● Exercise
Every line below from the one with "1548. 1. utgave." through the one with "大原漁港に着きました。最初1" is to be repeated exactly, with no picture among them.
[Opening Material to process section]
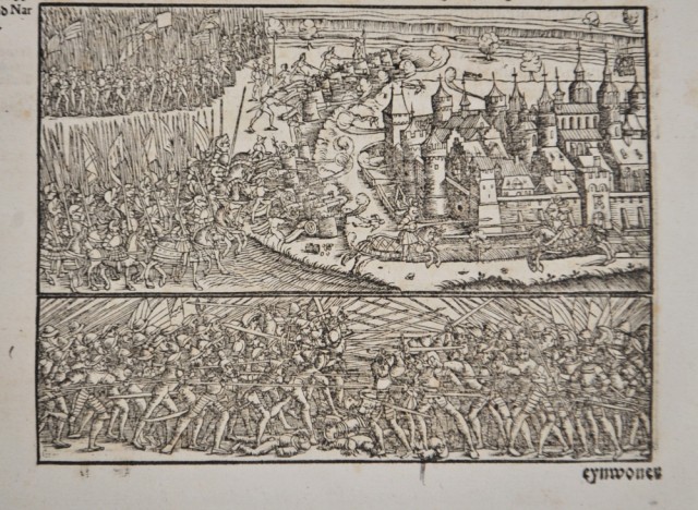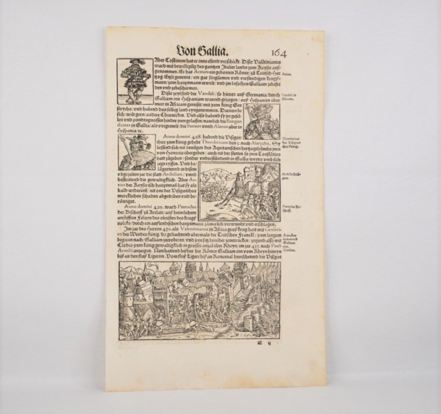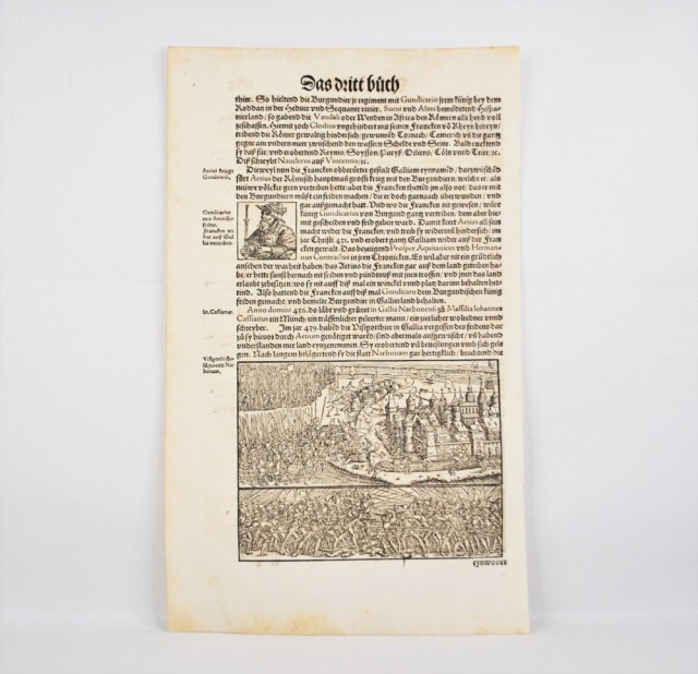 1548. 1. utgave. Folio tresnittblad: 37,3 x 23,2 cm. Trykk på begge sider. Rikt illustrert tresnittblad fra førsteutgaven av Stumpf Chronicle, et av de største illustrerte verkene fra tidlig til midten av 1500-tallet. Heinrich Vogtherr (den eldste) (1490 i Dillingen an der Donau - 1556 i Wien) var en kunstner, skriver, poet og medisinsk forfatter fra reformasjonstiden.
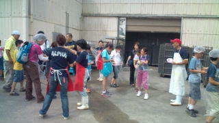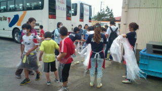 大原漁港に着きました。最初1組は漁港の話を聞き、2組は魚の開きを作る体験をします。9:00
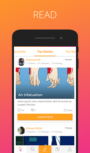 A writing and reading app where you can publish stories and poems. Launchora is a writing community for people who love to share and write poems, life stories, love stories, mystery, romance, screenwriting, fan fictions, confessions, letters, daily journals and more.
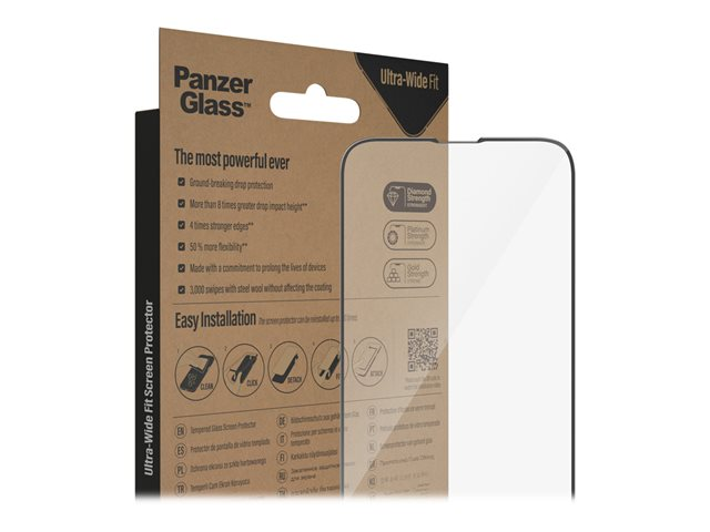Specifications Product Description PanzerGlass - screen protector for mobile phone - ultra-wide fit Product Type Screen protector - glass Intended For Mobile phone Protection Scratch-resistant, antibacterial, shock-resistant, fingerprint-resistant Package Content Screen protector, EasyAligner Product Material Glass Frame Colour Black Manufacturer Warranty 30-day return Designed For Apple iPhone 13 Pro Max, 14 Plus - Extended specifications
[Closing Material to process section]
[Opening Material to process section]
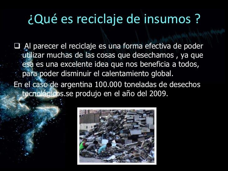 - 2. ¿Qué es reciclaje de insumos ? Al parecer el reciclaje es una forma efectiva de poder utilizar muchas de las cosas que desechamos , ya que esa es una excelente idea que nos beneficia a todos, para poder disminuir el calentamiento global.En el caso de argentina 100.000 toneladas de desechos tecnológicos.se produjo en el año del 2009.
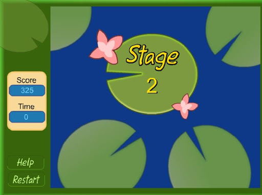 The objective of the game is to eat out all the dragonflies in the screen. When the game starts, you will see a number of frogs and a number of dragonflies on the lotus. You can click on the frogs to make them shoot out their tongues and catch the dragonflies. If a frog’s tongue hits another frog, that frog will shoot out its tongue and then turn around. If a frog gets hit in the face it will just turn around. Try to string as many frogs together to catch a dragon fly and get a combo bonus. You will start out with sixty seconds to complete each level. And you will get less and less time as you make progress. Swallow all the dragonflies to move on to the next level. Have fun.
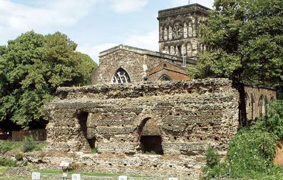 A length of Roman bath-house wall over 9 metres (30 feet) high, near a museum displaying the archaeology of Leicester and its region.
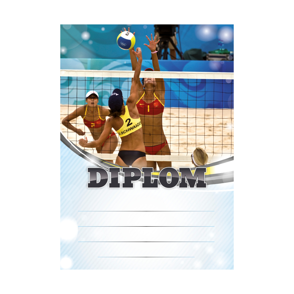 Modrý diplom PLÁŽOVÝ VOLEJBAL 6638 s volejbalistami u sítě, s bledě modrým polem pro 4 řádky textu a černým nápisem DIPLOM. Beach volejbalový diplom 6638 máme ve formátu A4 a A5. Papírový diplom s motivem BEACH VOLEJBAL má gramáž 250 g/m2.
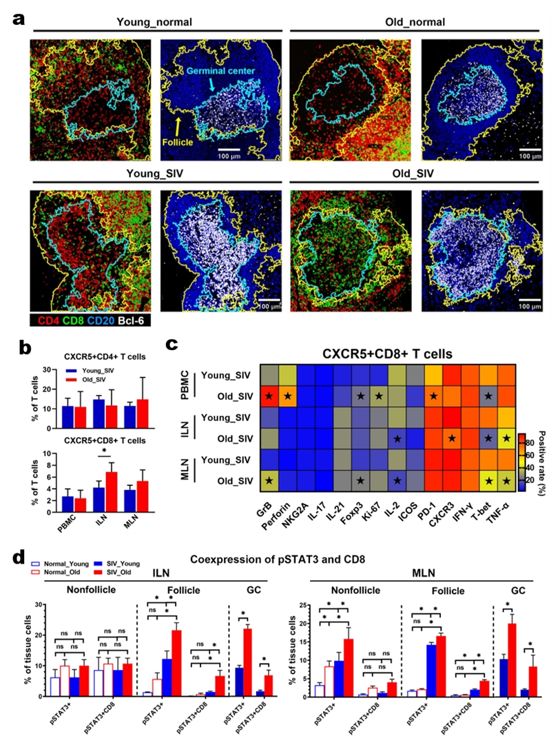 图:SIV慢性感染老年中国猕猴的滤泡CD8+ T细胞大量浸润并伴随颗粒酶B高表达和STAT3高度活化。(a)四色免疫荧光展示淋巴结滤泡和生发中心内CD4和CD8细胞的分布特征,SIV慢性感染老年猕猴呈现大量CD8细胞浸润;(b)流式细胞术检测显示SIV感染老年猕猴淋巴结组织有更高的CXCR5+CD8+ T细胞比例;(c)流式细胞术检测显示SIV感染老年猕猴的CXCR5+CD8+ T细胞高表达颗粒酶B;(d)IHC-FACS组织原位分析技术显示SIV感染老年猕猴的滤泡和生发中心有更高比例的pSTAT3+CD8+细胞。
[Closing Material to process section]
● Exercise answer
 1548. 1. utgave. Folio tresnittblad: 37,3 x 23,2 cm. Trykk på begge sider. Rikt illustrert tresnittblad fra førsteutgaven av Stumpf Chronicle, et av de største illustrerte verkene fra tidlig til midten av 1500-tallet. Heinrich Vogtherr (den eldste) (1490 i Dillingen an der Donau - 1556 i Wien) var en kunstner, skriver, poet og medisinsk forfatter fra reformasjonstiden.
 大原漁港に着きました。最初1組は漁港の話を聞き、2組は魚の開きを作る体験をします。9:00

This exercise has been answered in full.